■ **INPUT DATA**:
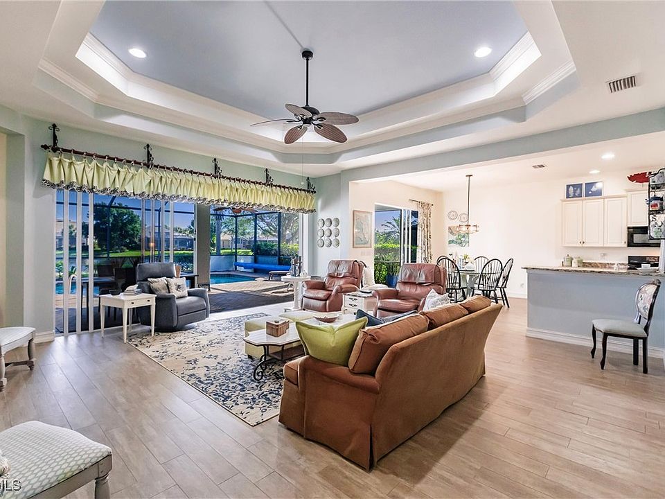 flooring, a newer A/C, new water heater, new filter assembly for the pool's salt cell, newer pool pump, solar panels, newer heat pump. Brand new washer and dryer installed 2025. The kitchen offers plenty of cabinet space, a center island, a newer refrigerator, and a picturesque view of the lake. The floor plan creates an open and inviting atmosphere, with tray ceilings and crown molding throughout the home, as well as all tile
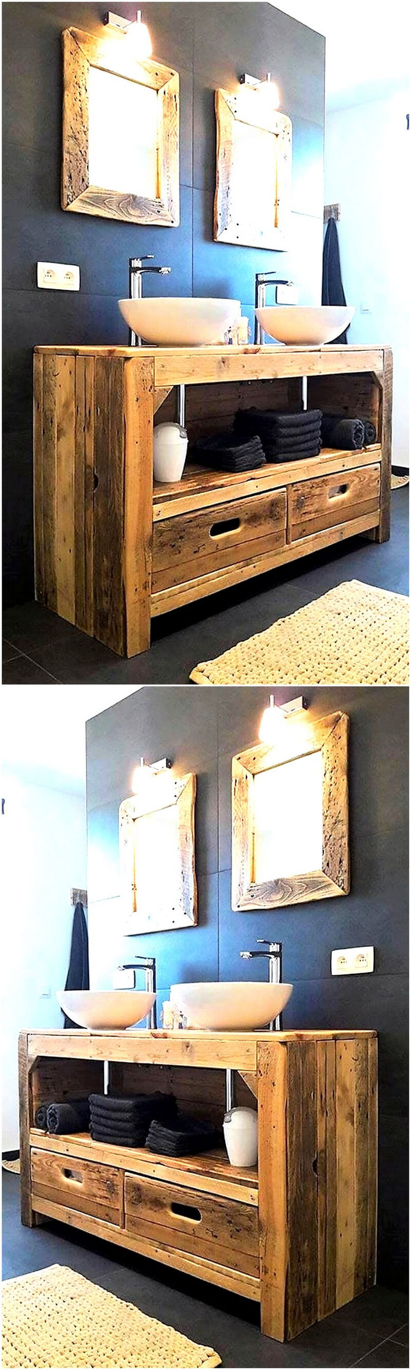 Pallets never fail to impress others because they can be reshaped into almost anything for any area; here you can see the reclaimed wood pallet rustic sink. It is making the bathroom look amazing and there are drawers as well to store the items of bathroom in an organized way.
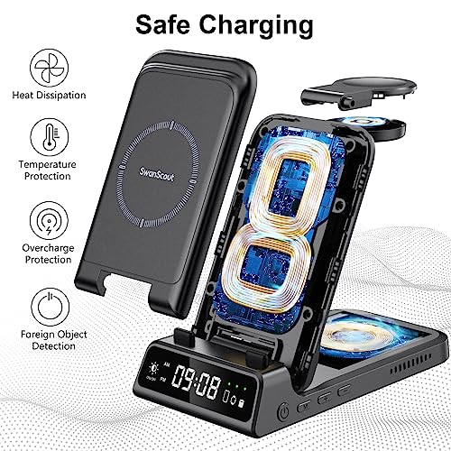 - 【تصميم قابل للطي والحمل】تم تصميم شاحن سوان سكاوت اللاسلكي 4 في 1 مع وضع نمط حياتك في الاعتبار، مما يجعل من السهل جدًا حمله وتخزينه. إنه ليس فقط شاحن لاسلكي قابل للطي، ولكنه أيضًا حامل هاتف. اضغط على زر مفتاح شحن الهاتف في أي وقت لبدء شحن الهاتف أو إيقافه.
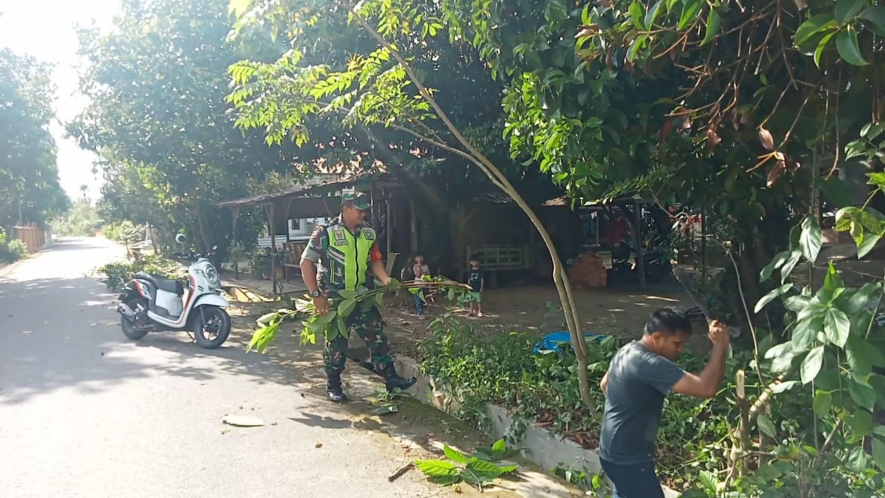 Aceh Tamiang – Upaya untuk memelihara jalan agar tetap bersih dan rapi, Babinsa Koramil 02/Karang Baru Serda Adi Syahputra bersama Perangkat Desa dan warga melaksanakan gotong royong membersihkan kiri kanan jalan di Desa Pahlawan, Kecamatan Karang Baru, Kabupaten Aceh Tamiang. Sabtu (01/11/2025).
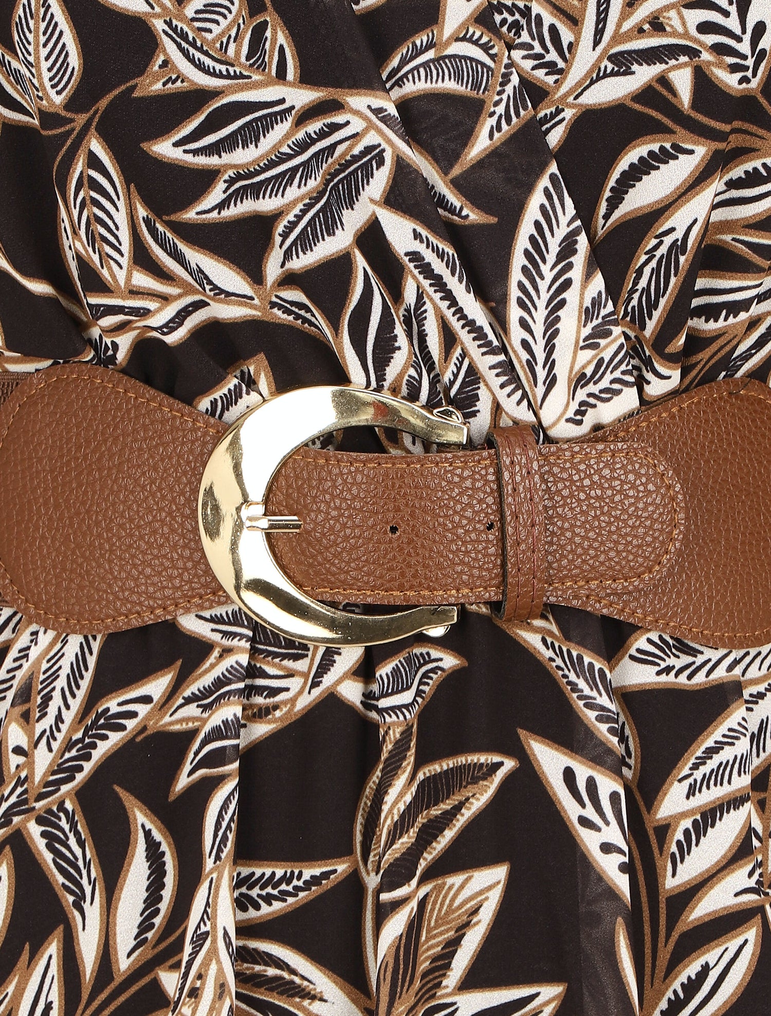 Robe mi-longue motif feuilles - Noir - 5
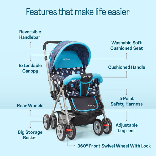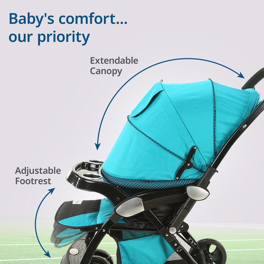- Extra spacious stroller with heavy duty wheels - Best choice for outdoor use. There is reversible handle bar so that you can always keep an eye on your baby
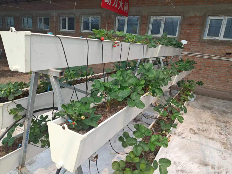 随后,我们参观了草莓种植园区,在棚内,草莓植株盆内均由“滴箭”,盆与盆之间有管道相连,水肥通过这些联通装置滴进盆内,滋养草莓,通过多种传感器、集成器实时将植物生长信息传回到电脑中,再由系统根据信息进行水肥的调配,就这样,采用自动化、智能化的种植管理技术,精确控制,从而提升草莓品质。
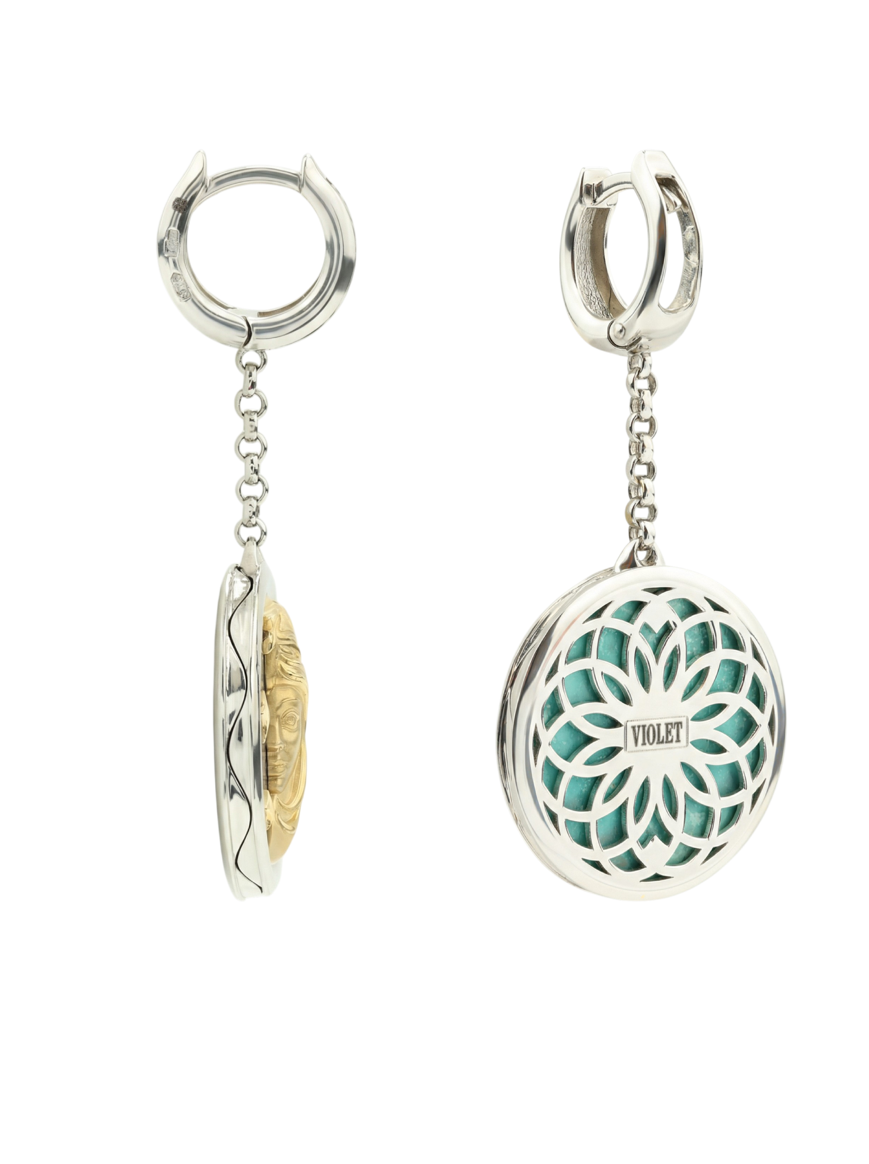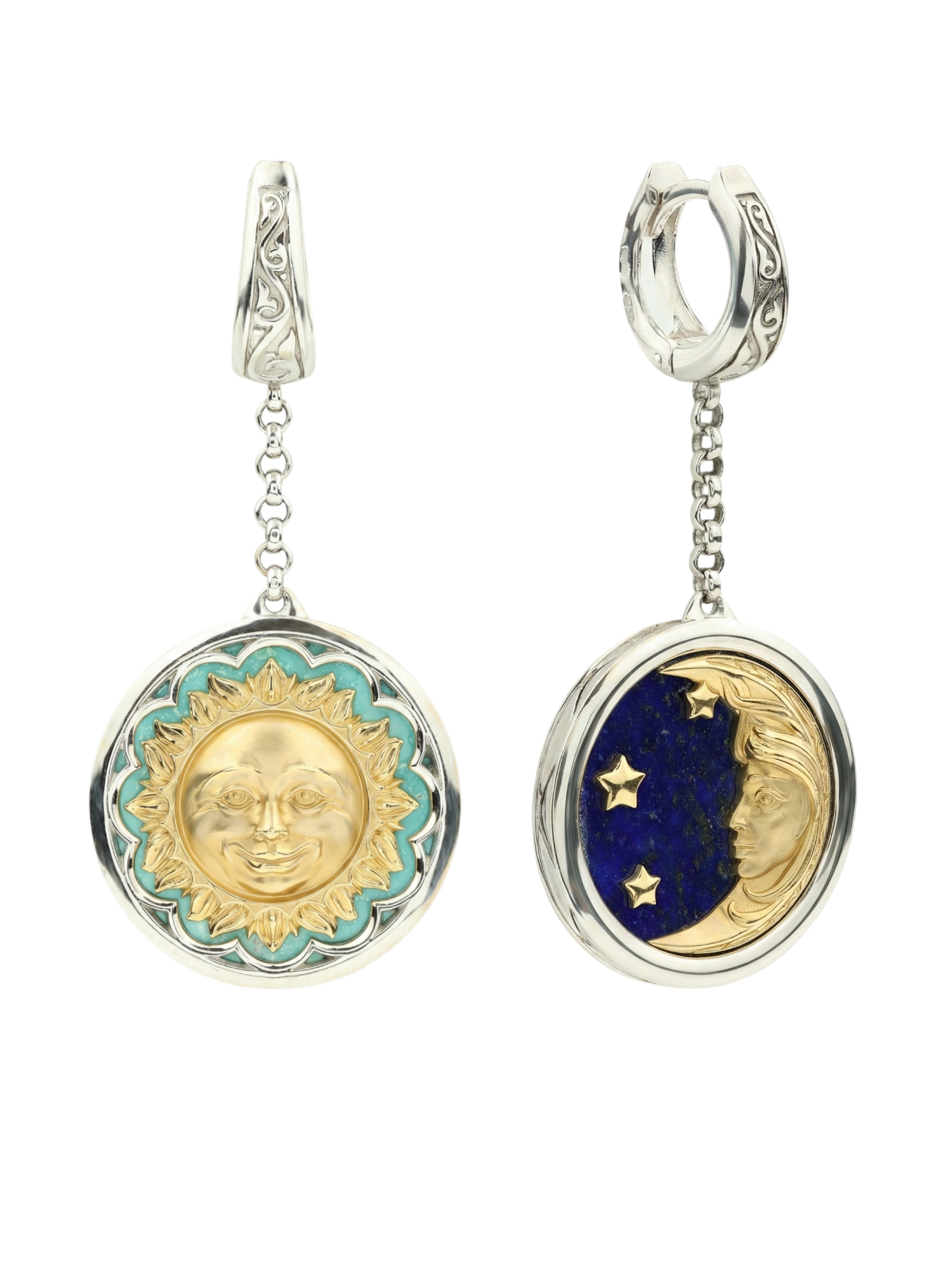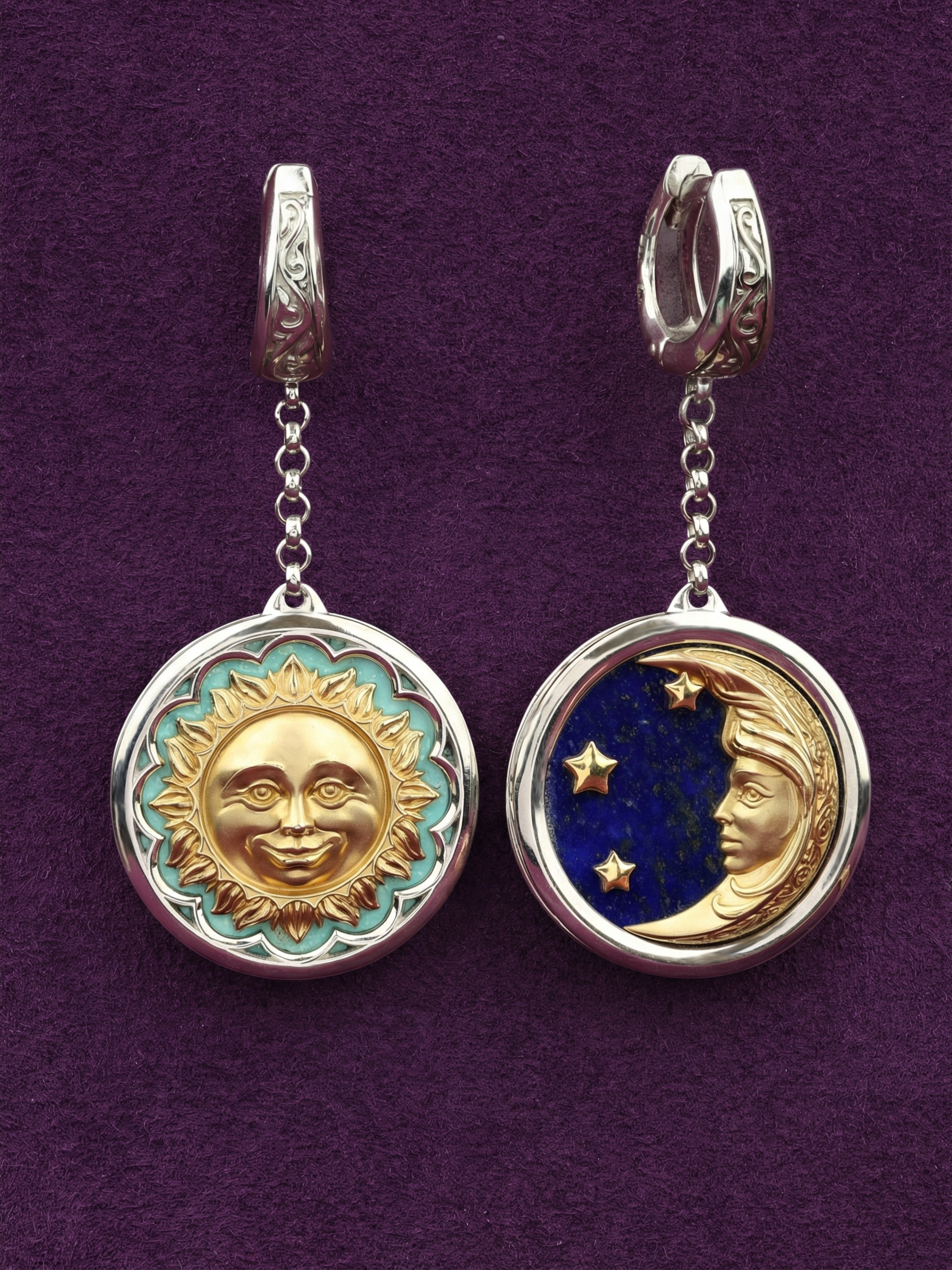Центральная композиция изделия представляет собой символичный дизайн солнце и луна. В одной серьге яркое солнце обрамлено бирюзой, чей бирюзовый оттенок подчеркивает тепло и сияние золотого рельефа. Вторая серьга воплощает ночную эстетику: здесь глубокий синий лазурит становится фоном для изящного полумесяца и звезд. Каждая вставка имеет круглую форму, что придает украшению гармоничный и завершенный вид. Всего в изделии использовано 2 вставки, акцентирующие внимание на мастерстве исполнения.

■ **REQUIRED WORK**:
Pictures are not part of the copy. Extract exactly the lines from the line containing "Aceh Tamiang –" through the final line of the entries above, both included.

■ **OUTPUT BELOW**:
 Aceh Tamiang – Upaya untuk memelihara jalan agar tetap bersih dan rapi, Babinsa Koramil 02/Karang Baru Serda Adi Syahputra bersama Perangkat Desa dan warga melaksanakan gotong royong membersihkan kiri kanan jalan di Desa Pahlawan, Kecamatan Karang Baru, Kabupaten Aceh Tamiang. Sabtu (01/11/2025).
 Robe mi-longue motif feuilles - Noir - 5
- Extra spacious stroller with heavy duty wheels - Best choice for outdoor use. There is reversible handle bar so that you can always keep an eye on your baby
 随后,我们参观了草莓种植园区,在棚内,草莓植株盆内均由“滴箭”,盆与盆之间有管道相连,水肥通过这些联通装置滴进盆内,滋养草莓,通过多种传感器、集成器实时将植物生长信息传回到电脑中,再由系统根据信息进行水肥的调配,就这样,采用自动化、智能化的种植管理技术,精确控制,从而提升草莓品质。
Центральная композиция изделия представляет собой символичный дизайн солнце и луна. В одной серьге яркое солнце обрамлено бирюзой, чей бирюзовый оттенок подчеркивает тепло и сияние золотого рельефа. Вторая серьга воплощает ночную эстетику: здесь глубокий синий лазурит становится фоном для изящного полумесяца и звезд. Каждая вставка имеет круглую форму, что придает украшению гармоничный и завершенный вид. Всего в изделии использовано 2 вставки, акцентирующие внимание на мастерстве исполнения.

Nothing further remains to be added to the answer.